In last season's Final Four, Calipari's previously undefeated Wildcats were legitimately baffled by Ryan's Badgers, who scored an incredible 1.23 points per possession against the best defense of at least the last decade and beat Kentucky to advance to title game.

"I mean, they out-rebounded us by 12 rebounds," Calipari said afterward. "That doesn't happen. You think about this. We had six turnovers for the game. We shot 90 percent from the free-throw line, 60 percent from the three, and 48 percent from the field, and we lost?"

"I'm afraid this battle station is quite operational." —Photo by Brian Spurlock-USA TODAY Sports

Now Ryan is gone, but the next Wisconsin team, whether led by Greg Gard, Virginia's Tony Bennett, UNI's Ben Jacobson or a candidate we haven't heard about yet, is going to be good. Why? Because Wisconsin is always maddeningly good. And this will be Ryan's lasting legacy.

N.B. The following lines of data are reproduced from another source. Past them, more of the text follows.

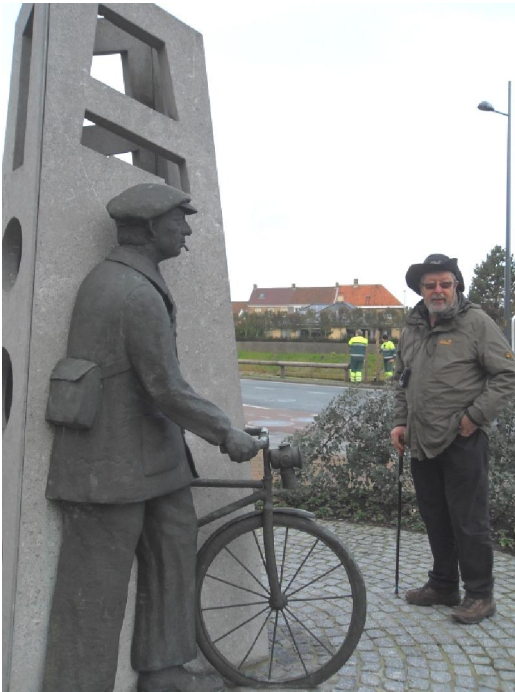
De douanier (links)
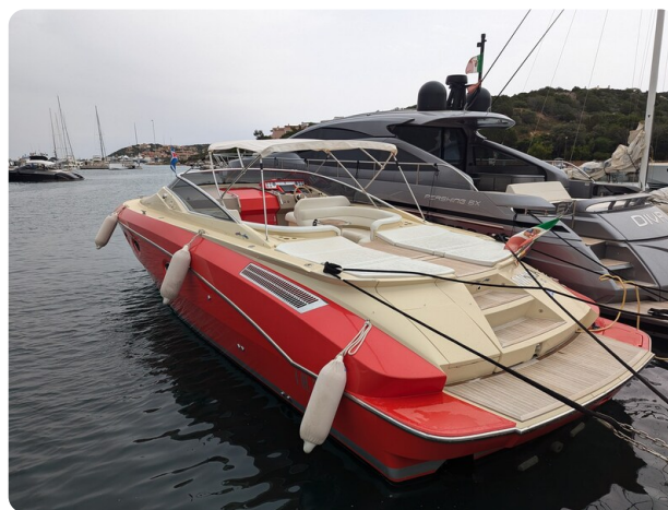
Sarnico Spider aft profile
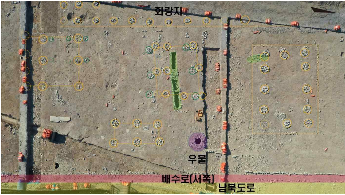
그림 5. 남북대로 서쪽 회랑 건물의 적심석
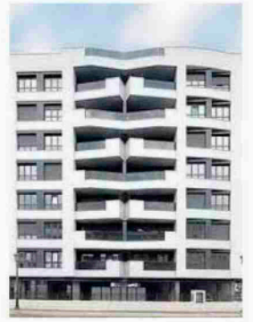
Plomada Popular nueva planta
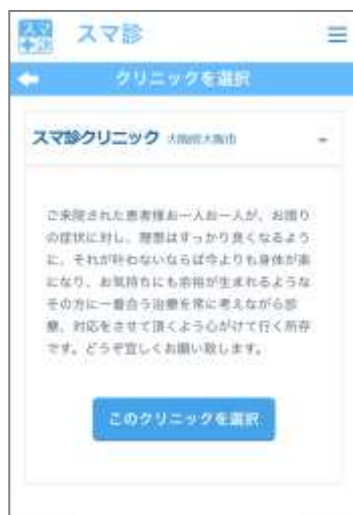
▲ 複数のクリニックから好みのクリニックを選択できる
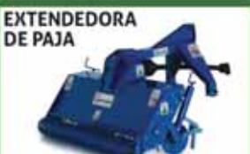
EXTENDEDORA DE PAJA
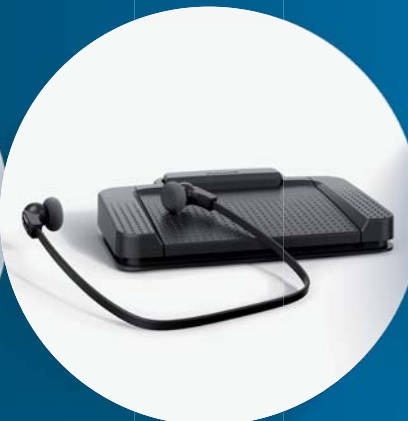
Der Schreibarbeitsplatz mit Fußschalter und Kopfhörer
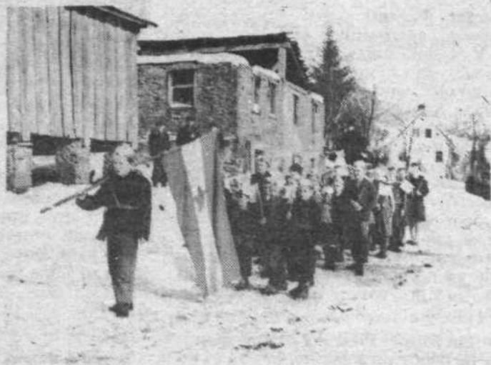
Takšni so bili pionirski pred davnimi leti – proti koncu ali takoj po vojni – ko jih je neznan fotograf posnel med slavnostnim pohodom skozi vas.
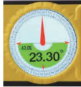
角度勾配測定モード
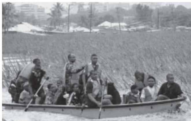
Många innevånare i Dar es Salaam måste evakueras per båt sedan delar av staden helt översvämmats.

Katastrofer, hungersnöd, förstörelse, vansinniga trafikolyckor och politisk teater var bara några av 2011 års huvudvärkar. I ett land med benägenhet för både naturkatastrofer och katastrofer orsakade av människan var MV Spice Islanders kapsejsning i september den svartaste händelsen. Dödsskjutningen av fyra oppositionsdemonstranter i Arusha, bombexplosionerna i Gongo la Mboto och översvämningarna i december med ett hemlöst nyår i misär för många krönte tragedierna. 2011 innebar även en beräknad förlust av 7 000 arbetstillfällen p.g.a. brist på elkraft. Inflationen blev förra månaden 19,2 % från att ha varit under 5 %. Givarkollektivet har inte heller varit nådiga mot staten utan hållit hårt i börsen p.g.a. långsamma reformer och kriget mot korruptionen. ( The Citizen )
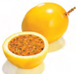
Maracujá Azedo Kg
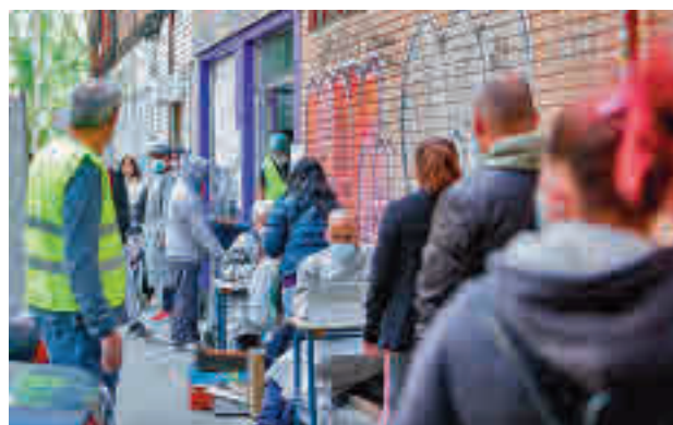
Una de las colas del hambre en la capital

Además, el 11% de las familias ha tenido contacto con los servicios sociales, porcentaje que llegaría hasta un 12%
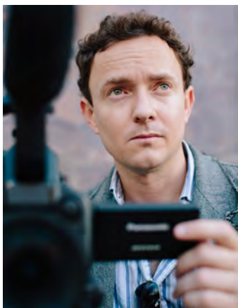
Ο σκηνοθέτης Κάλεν Χόμπακ (Cullen Hoback).
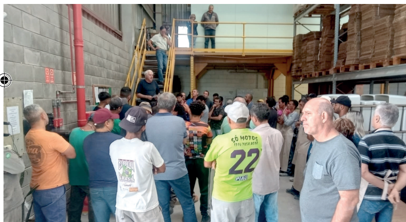
Trabalhadores da MGA
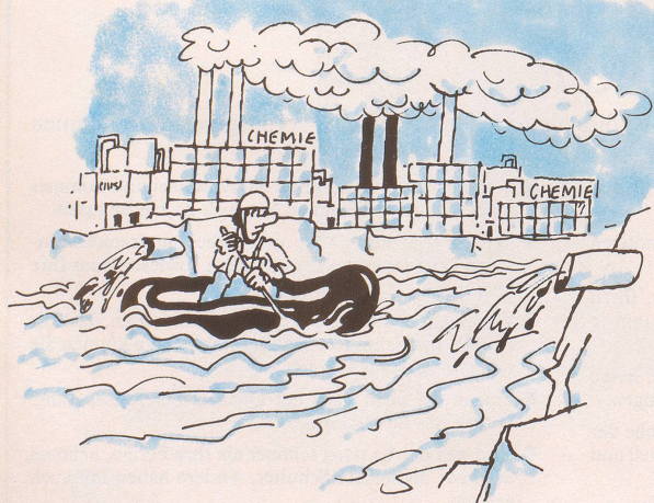
Trotz unserer gezähmten, begradigten und gestauten Flüsse sind gefährliche Wildwasserfahrten auch heute noch möglich.
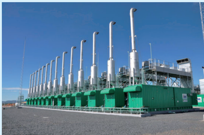
安哥拉卢班戈工业区 40MW 燃油电厂主发电机组项目，由电建建筑公司承建
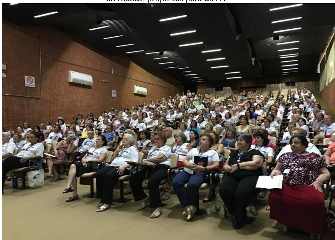
Figura 5: Primeira reunião da UNATI de 2017, em 21 de março, no Anfiteatro da Faculdade de Odontologia.
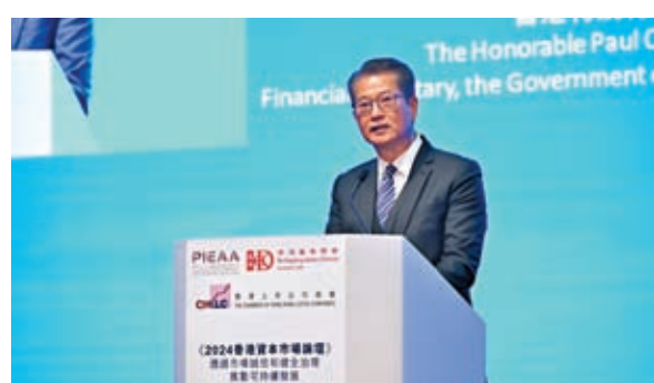
◆陳茂波指，香港要加深與內地金融市場互聯互通，貢獻國家建設金融強國。

他坦言，地緣政治難免影響了部分來自歐美的資金流向，但同樣因為全球政治格局的形勢，中東的資金，從主權基金到家族辦公室，也在積極尋求歐美以外的投資
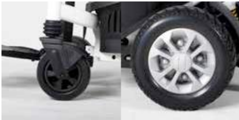
EXCEI E-SMART | FOTO 23

Die Vorderräder des Elektrorollstuhls haben einen Durchmesser von 6 Zoll und sind durch eine Vordergabel am Rahmen befestigt (Foto 23). Die Vorderräder sind wichtig beim Lenken des Rollstuhls. Wenn sie sich nicht gleichmäßig drehen oder bewegen oder wenn sie vibrieren, sind sie nicht richtig eingestellt.
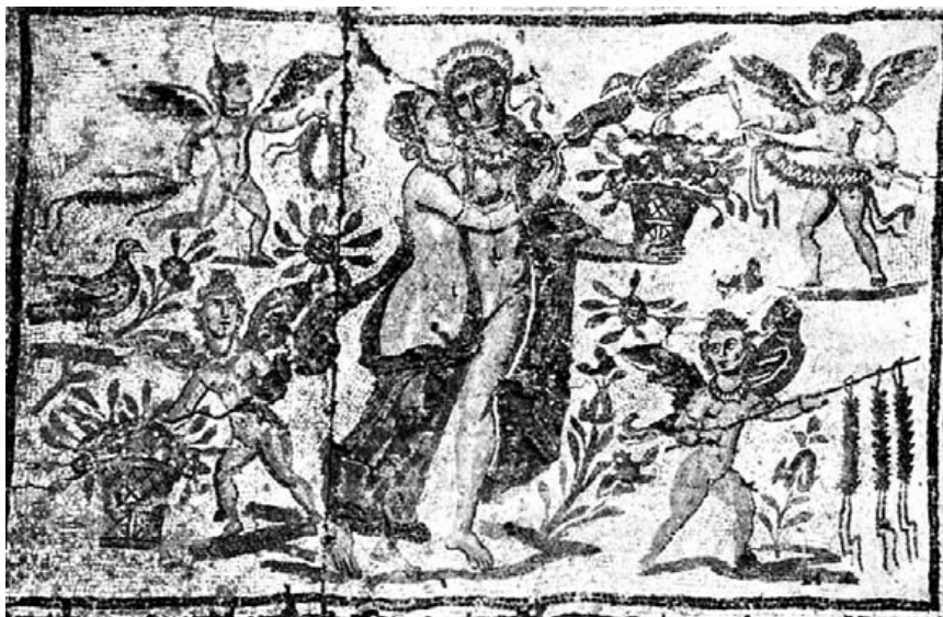
Fig. 27.- Diónyosos y Ariadna (?). Mosaico de Lixus (Larache). Mus. Arq. de Tetuán.
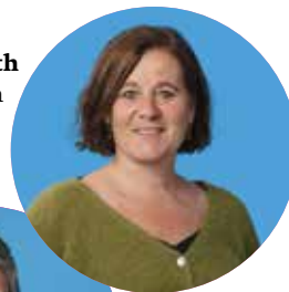
Franziska Roth Co-Präsidentin Dakomed, Ständerätin

Wir danken Ihnen herzlich für Ihre Unterstützung.
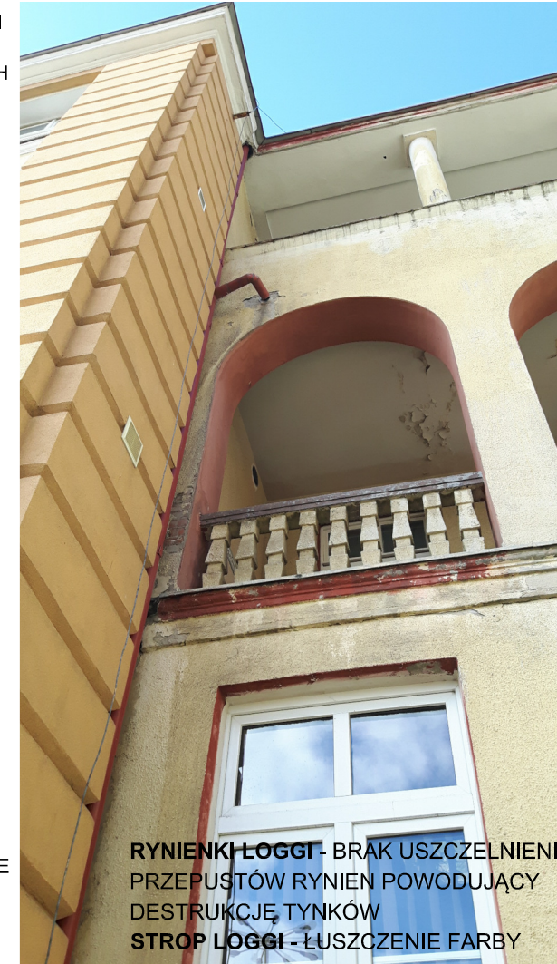
RYNIENKI LOGGI - BRAK USZCZELNIENIA PRZEPUSTÓW RYNIEN POWODUJĄCY DESTRUKCJĘ TYNKÓW STROP LOGGI - ŁUSZCZENIE FARB
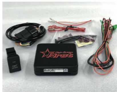
スロットルコントローラー (自動電源オンタイプ) JB64/74 ¥27,500

JB64用エアクリーナーのIN、OUT、 ジョイントホース、ホースバンド、 防振ゴムのセット
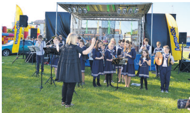
FESTYN NGO – MŁODZIEŻOWA OKIESTRA DĘTA MORSY MUZYCY Z SARBINOWA.
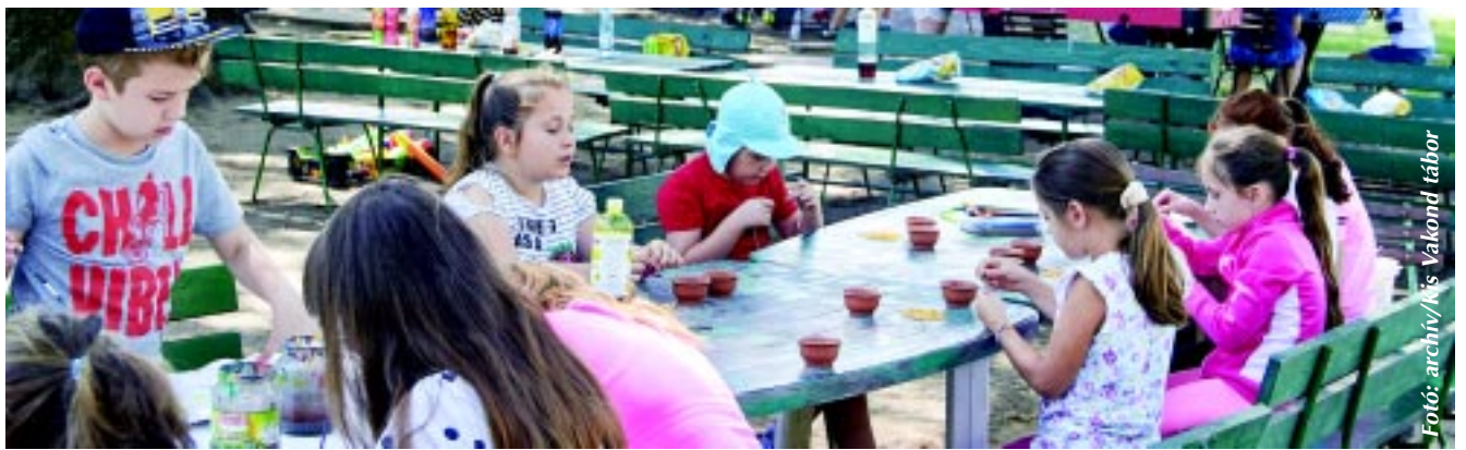
Fotó: archiv/ks Vakond tábor

Jászai Menyhért kérdésünkre hozzátette, közel három hónapon keresztül figyelt rá az önkormányzat a pandémiás időszak kezdetétől, hogy minden rászoruló gyermek kapjon ételt. Sőt, aki nem volt rászoruló kategóriában, de igényelte, azokat is el tudta látni a város, ami nagy könnyebbség volt a szülőknek, gyermekeknek egyaránt. Az alpolgármester hangsúlyozta, bár a koronavírus-világjárvány okozta átmeneti helyzet befolyásolja a városkassza állapotát, nem lehet olyan költségvetési átalakítás, amely érintené akár az ét-

Before him, Wisconsin basketball was awful. The Badgers had made seven NCAA Tournaments in the previous 63 years. Ryan made 14 of them in 14 seasons. Before Ryan, Wisconsin hadn't won a Big Ten Championship since 1947. Ryan won four. His teams finished ranked in the AP poll 11 out of his 14 seasons. Only three other Badgers teams had ever finished the season ranked in the AP poll.

Anyone college age or younger has only known Wisconsin as a good basketball program. That's shocking to people who followed campus hoops before 2000, but in the end, that's what Ryan did: he created a juggernaut at a place that had rarely sniffed basketball success. So even though he has now abruptly left behind what may end up as his worst team ever, only a fool would count the Badgers out.

"I'll see you down the road," Ryan said in his final press conference. As a fan of teams who already have seen far too much of his black magic, that's precisely what I'm scared of.